Study material –
··········
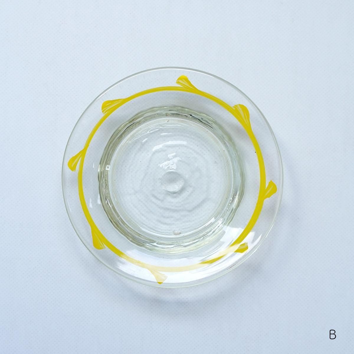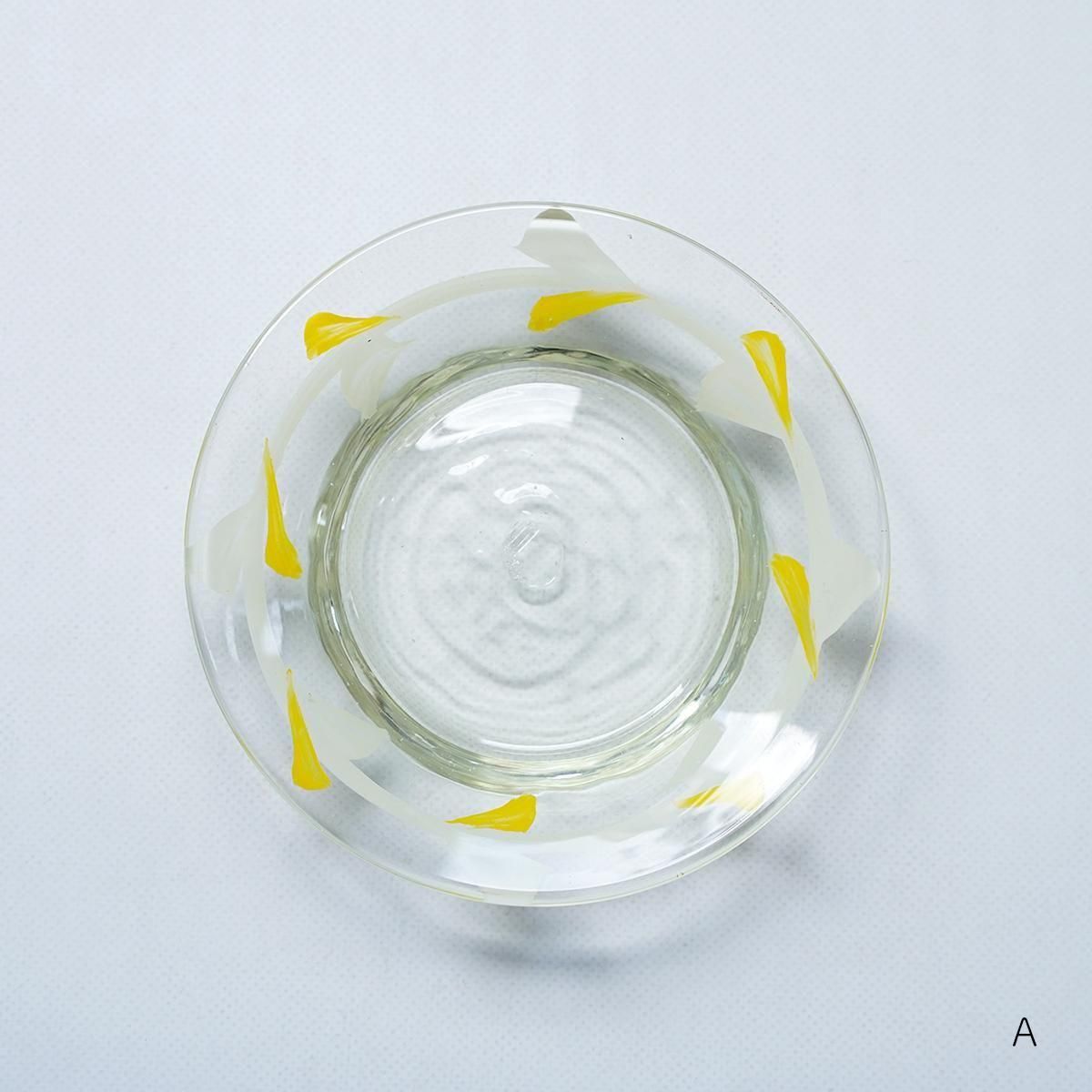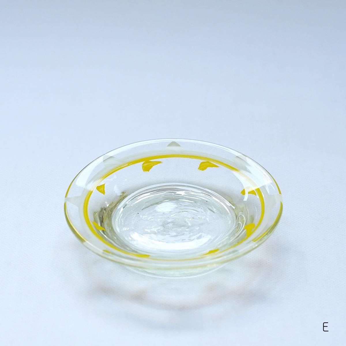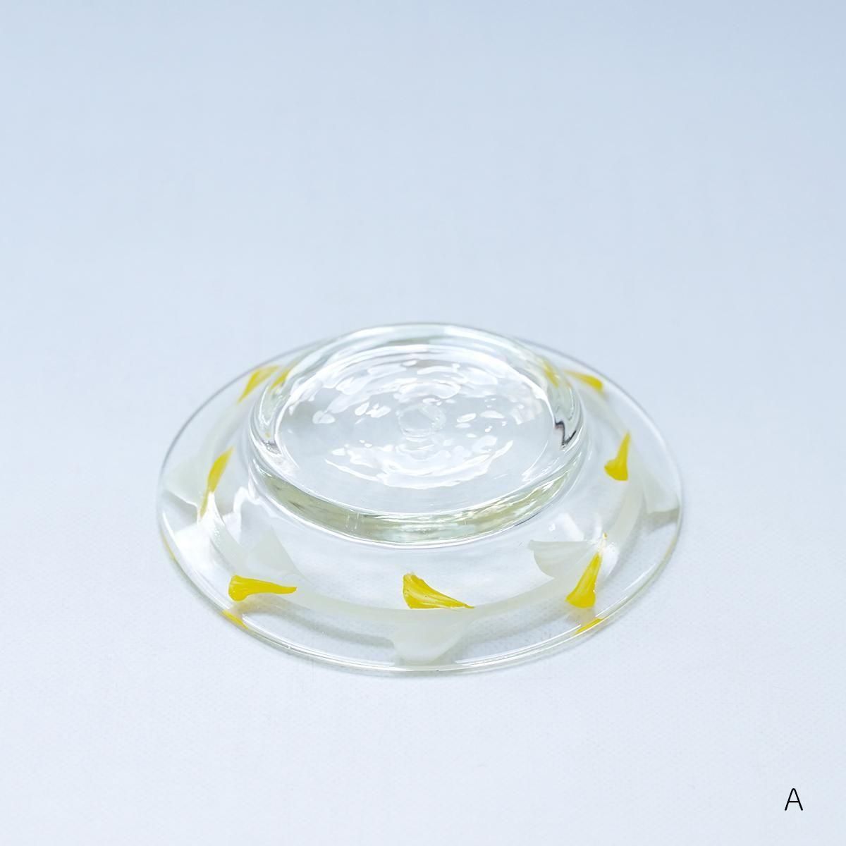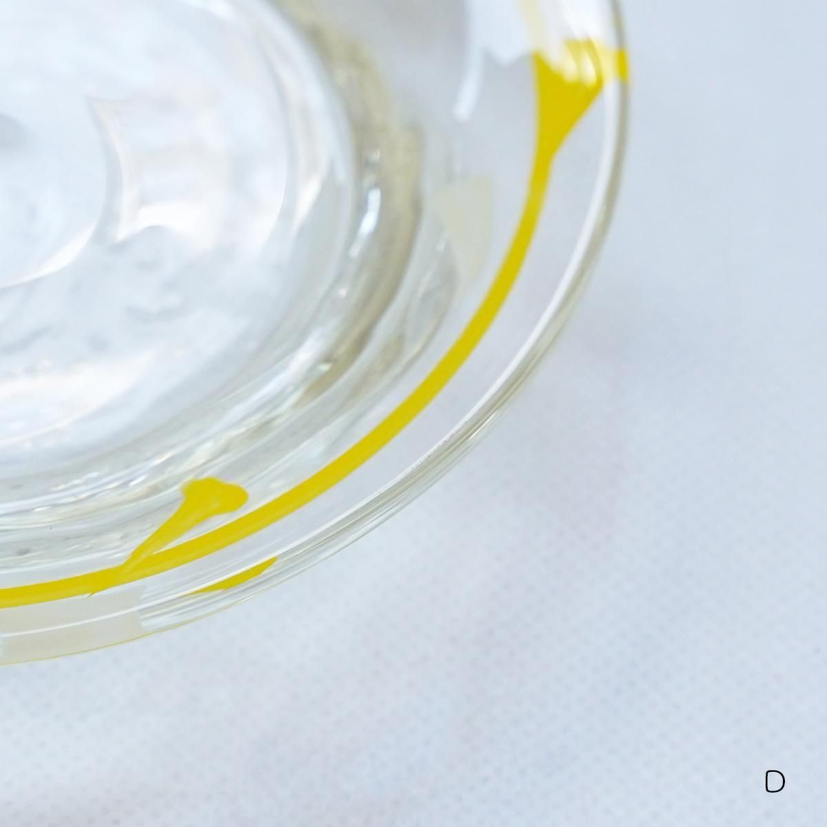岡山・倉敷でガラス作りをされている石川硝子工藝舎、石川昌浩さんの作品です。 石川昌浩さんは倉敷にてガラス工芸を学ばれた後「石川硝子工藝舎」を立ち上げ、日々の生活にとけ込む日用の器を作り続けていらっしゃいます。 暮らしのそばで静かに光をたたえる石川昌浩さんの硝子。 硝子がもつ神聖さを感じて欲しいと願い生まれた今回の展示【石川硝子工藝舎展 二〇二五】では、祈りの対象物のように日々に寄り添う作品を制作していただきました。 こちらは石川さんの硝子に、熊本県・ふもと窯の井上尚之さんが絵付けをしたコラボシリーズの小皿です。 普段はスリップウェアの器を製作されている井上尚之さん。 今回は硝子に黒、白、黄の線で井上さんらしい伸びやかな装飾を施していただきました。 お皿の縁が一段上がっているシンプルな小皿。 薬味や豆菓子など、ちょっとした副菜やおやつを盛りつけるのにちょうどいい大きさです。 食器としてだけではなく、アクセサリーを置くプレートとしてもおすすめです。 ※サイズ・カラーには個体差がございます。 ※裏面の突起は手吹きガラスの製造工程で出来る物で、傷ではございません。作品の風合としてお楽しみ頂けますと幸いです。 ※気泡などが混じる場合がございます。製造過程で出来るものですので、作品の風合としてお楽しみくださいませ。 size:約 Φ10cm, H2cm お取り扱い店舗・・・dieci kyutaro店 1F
··········
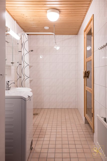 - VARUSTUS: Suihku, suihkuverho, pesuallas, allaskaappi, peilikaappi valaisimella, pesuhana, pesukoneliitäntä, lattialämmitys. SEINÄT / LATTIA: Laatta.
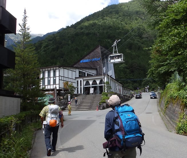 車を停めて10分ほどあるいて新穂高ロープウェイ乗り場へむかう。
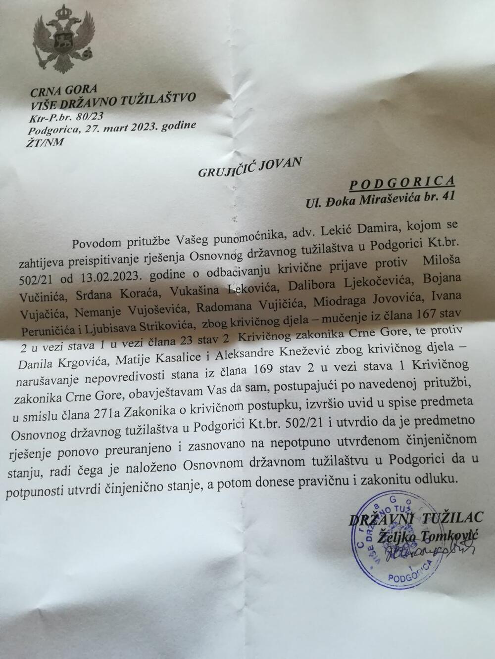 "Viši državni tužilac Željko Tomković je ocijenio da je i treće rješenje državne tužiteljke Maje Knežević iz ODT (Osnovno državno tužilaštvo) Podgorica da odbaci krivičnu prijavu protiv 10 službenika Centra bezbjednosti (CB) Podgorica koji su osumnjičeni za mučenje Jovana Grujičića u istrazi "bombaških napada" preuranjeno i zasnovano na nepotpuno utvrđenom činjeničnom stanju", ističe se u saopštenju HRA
··········
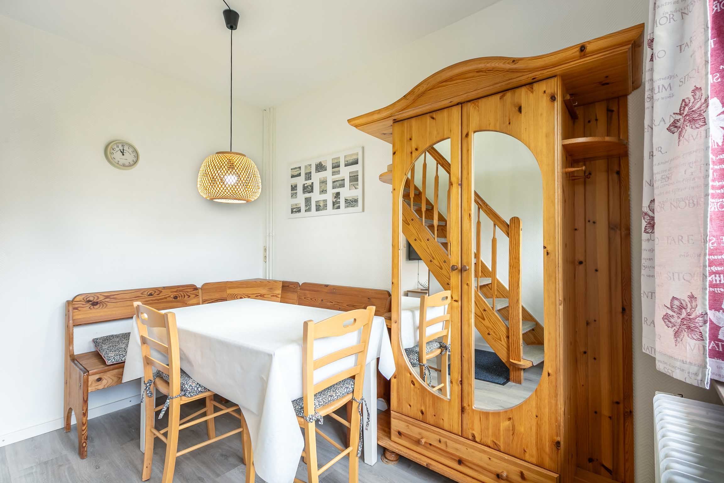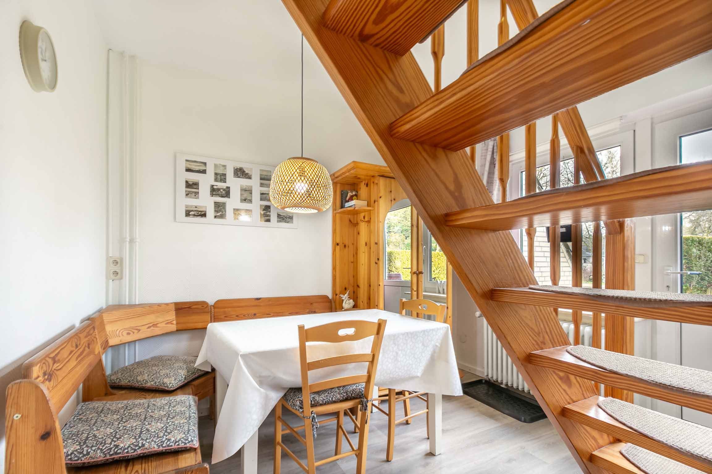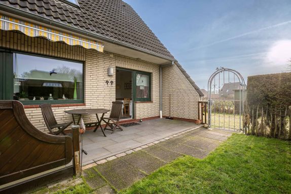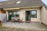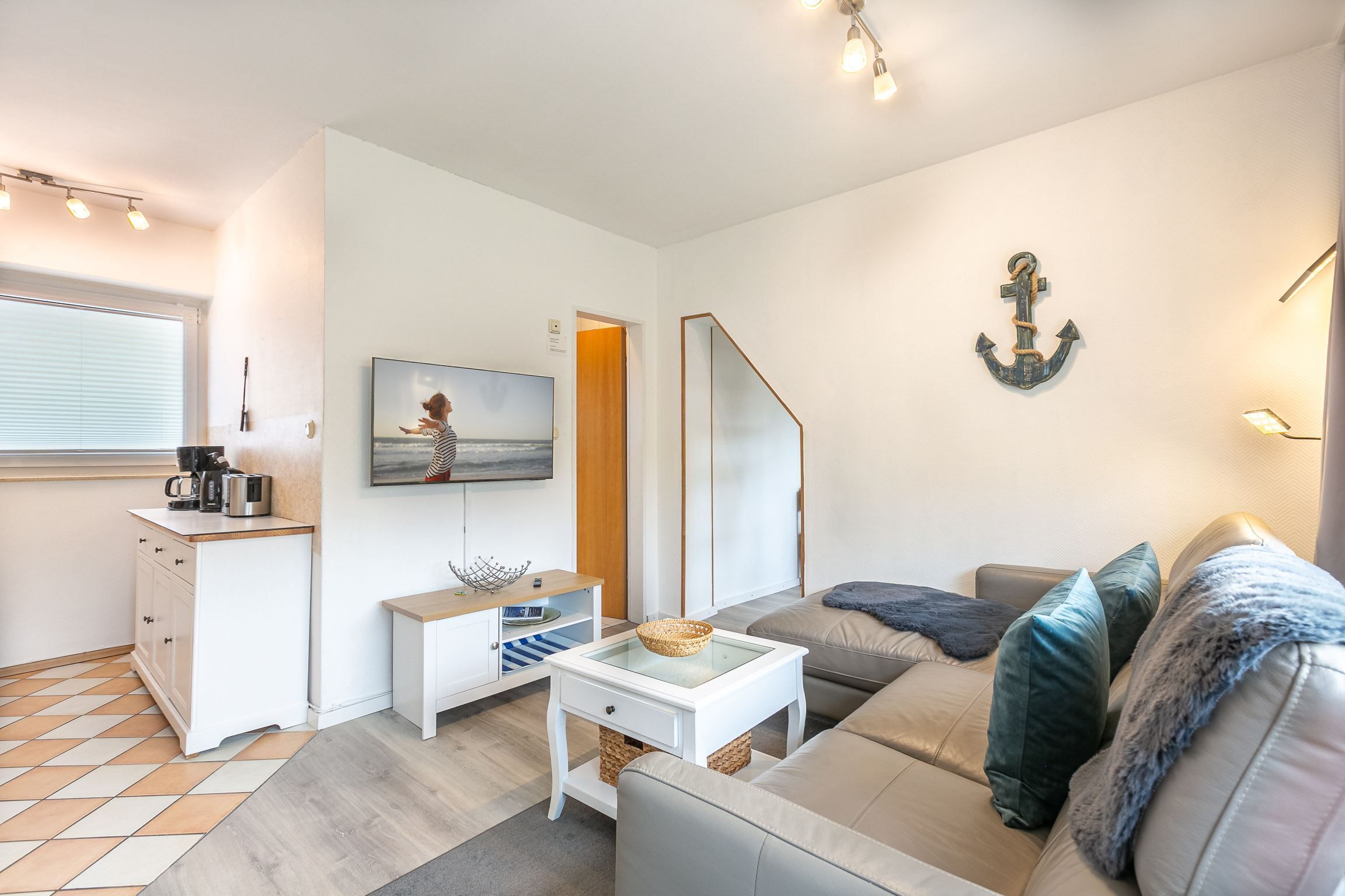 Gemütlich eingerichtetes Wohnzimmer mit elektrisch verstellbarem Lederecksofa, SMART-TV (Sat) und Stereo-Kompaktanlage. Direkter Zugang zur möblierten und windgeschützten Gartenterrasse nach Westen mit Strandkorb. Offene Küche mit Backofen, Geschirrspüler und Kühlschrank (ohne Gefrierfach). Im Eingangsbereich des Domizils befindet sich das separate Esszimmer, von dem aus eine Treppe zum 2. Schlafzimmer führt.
··········
What is expected –
Nothing but the lines from the one with "SEINÄT / LATTIA: Laatta." up to and including the one with "車を停めて10分ほどあるいて新穂高ロープウェイ乗り場へむかう。" should be printed, exactly as they read above. Please keep the pictures out.

Task response –
 - VARUSTUS: Suihku, suihkuverho, pesuallas, allaskaappi, peilikaappi valaisimella, pesuhana, pesukoneliitäntä, lattialämmitys. SEINÄT / LATTIA: Laatta.
 車を停めて10分ほどあるいて新穂高ロープウェイ乗り場へむかう。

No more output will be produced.